For instance, in recovery from any 'hurt, habit or hang-up', we will grieve in reaction to the intense changes taking place in us and those we are in close relationship with.  As we understand and accept this process it becomes less of a mystery.

Before looking at the 5 stages leading to our 'new normal', lets identify some of the losses we may experience.  Some may be a surprise!
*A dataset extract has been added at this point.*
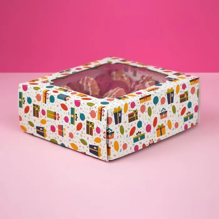 Коробка самосборная, крышка-дно, с окном,«Яркий подарок» 14.5×14.5×6 см — Характеристики
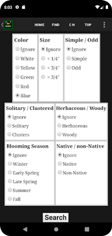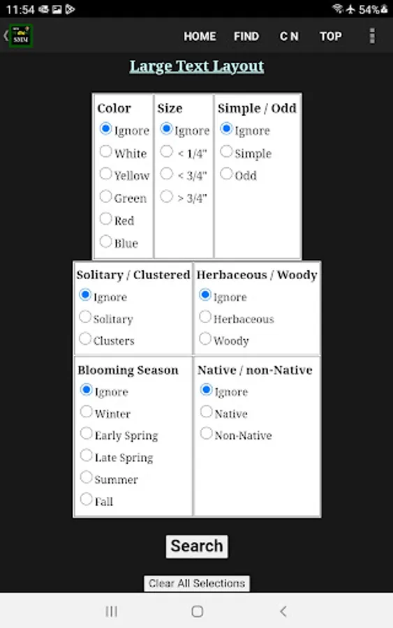 Visitors can choose several basic flower characteristics on the App’s interface like color, size and shape. Based on those characteristics, the App presents several possible photographs to compare to the actual flower. Flowers that are more difficult to identify often come with several photographs so that visitors can confidently make an identification.

  • Loss of the 'HURT, HABIT OR HANG-UP' itself.........even though it is good to be rid of it!
  • Loss of the 'RITUALS' we performed when practicing our 'hurt, habit or hang-up'. Such as, no longer having to walk down the other side of the street when we see someone or spew out in anger when we think of a certain person, place or thing.  We may feel a loss when we no longer need to stop by the bakery on the way home for our nightly binge foods.......as had been our habit in our addiction!
  • Loss of the 'RELATIONSHIPS' I once had when in my addiction, or those people I commiserated with over my hurts or hang-ups.  (An example of a hang-up might be 'I don't attend church because of all the hypocrites there'.)
  • Loss of my 'FREEDOM ' as I now may need to be accountable to others for my actions and/or whereabouts.
  • My friend/spouse/children may need to grieve the loss of their 'RELATIONSHIP ROLE ' as they no longer will be enabling me by parenting or caretaking me.
  • We may all experience a loss of feeling 'UNHAPPY' which is a GOOD thing to lose but it still leaves a hole to be filled up with something else..........such as joy!
  • Much time was taken up by the 'RECOVERY PROCESS ' and we may feel a sense of loss when we aren't having to work at it so hard.  We will need to find new ways to spend the extra hours in our days.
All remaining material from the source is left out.